Tommy Hilfiger New York Fall 2026 Menswear Collection
Tommy Hilfiger remembers just how dressed up men used to get for work back when he launched his namesake label in New York in the 1980s. From Wall Street executives and beyond, it was the true era of power suits. You could easily catch a glimpse of men rocking three-piece suits on a regular Tuesday, and that’s a sartorial focus that the designer feels is on the brink of a comeback today. “As time went on, men became more casual, but I think we’re now returning to it,” said Hilfiger.
A standard dress shirt and slacks may be the business go-to these days (or, if you’re working from home or at a startup, you can get away with wearing athleisure while you’re on the clock). But for Hilfiger’s new fall collection, the designer wanted to imagine a world where menswear is veering extremely sharp again. “This is a New York collection, and it’s a little more dressed up,” he said. “Young men who never really wore suits are now dying to own their first suit. I think they’ve seen movies, or photographs of their fathers or grandfathers wearing suits.”
Of course, Hilfiger has always been a quintessential American (and New York) brand, so his classic sense of Americana peeked through as well. Designing in his signature shades of red, white, and blue, Hilfiger wanted to elevate his daily offerings by juxtaposing rigid tailoring with preppier, off-duty elements. His fall coats were a real standout. There were styles like a cashmere-wool double-breasted pea coat, “designed a little boxier than before,” he said. A great Scottish tweed overcoat with peaked lapels nodded to 1940s silhouettes.

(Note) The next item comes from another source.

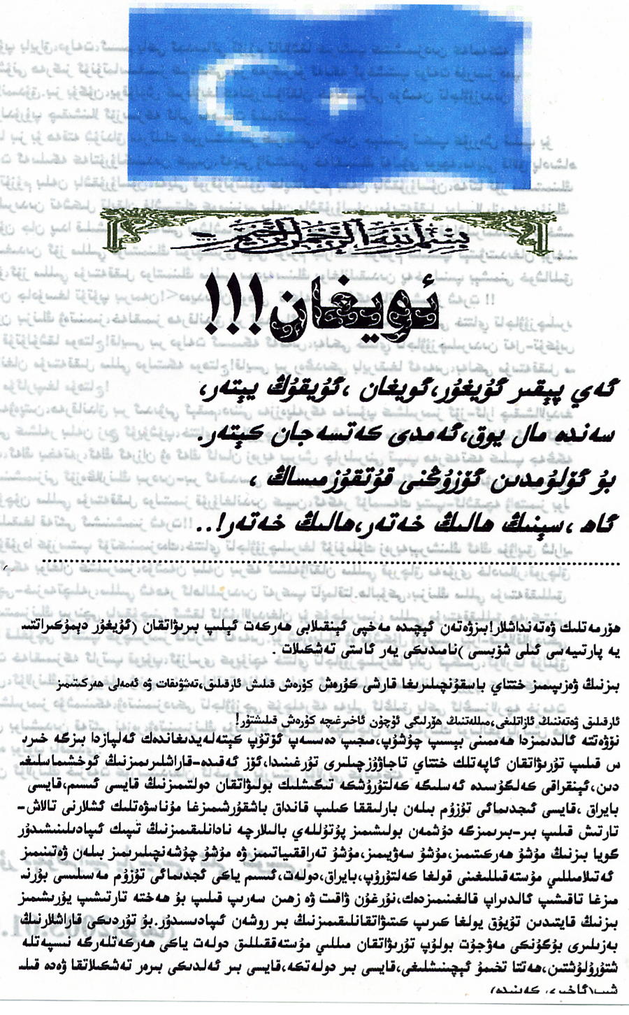 ウイグル民主党が発行したビラは,侵略者の中国当局が東トルキスタンで実行している消滅政策,行為などを公開、非難し,ウイグル人民は東トルキスタンに侵略してきた中国人を追い出し,これから東トルキスタンに来ようとしている中国人を防いで,東トルキスタン共和国の独立を回復させるために,内部の協力を強め,敵観点を明確し、東トルキスタンの各地に秘密裡に運動を展開させ,祖国の解放を一日も早く実現させるように呼びかけている。

Hilfiger also went all-in on camel hues, designing sumptuous coats and suits in the timeless neutral shade. “You can wear camel with everything—from burgundy to navy,” he said. “I like to break it up.” It looked especially dapper on a hefty toggle coat, paired with a navy suit, collared shirt, and striped tie. The suit was made in a more technical wool that “you can toss in any environment, and it will not wrinkle,” said Hilfiger. Because if gents today are going to dress up, they still need it to be extremely easy.
Even his more casual pieces had details that made them feel just a little more luxurious and sleek. The striped rugby polos and cable knit sweaters, for example, were made in soft cashmeres. Denim staples, like jeans or a button-up, were also styled with double-breasted loafers and penny loafers—a more cool, off-duty look. Those are all wardrobe staples that, frankly, you can walk into any store and find today—but one must also remember that Hilfiger was one of the early pioneers of such modern, wearable pieces, and he can still do them damn well.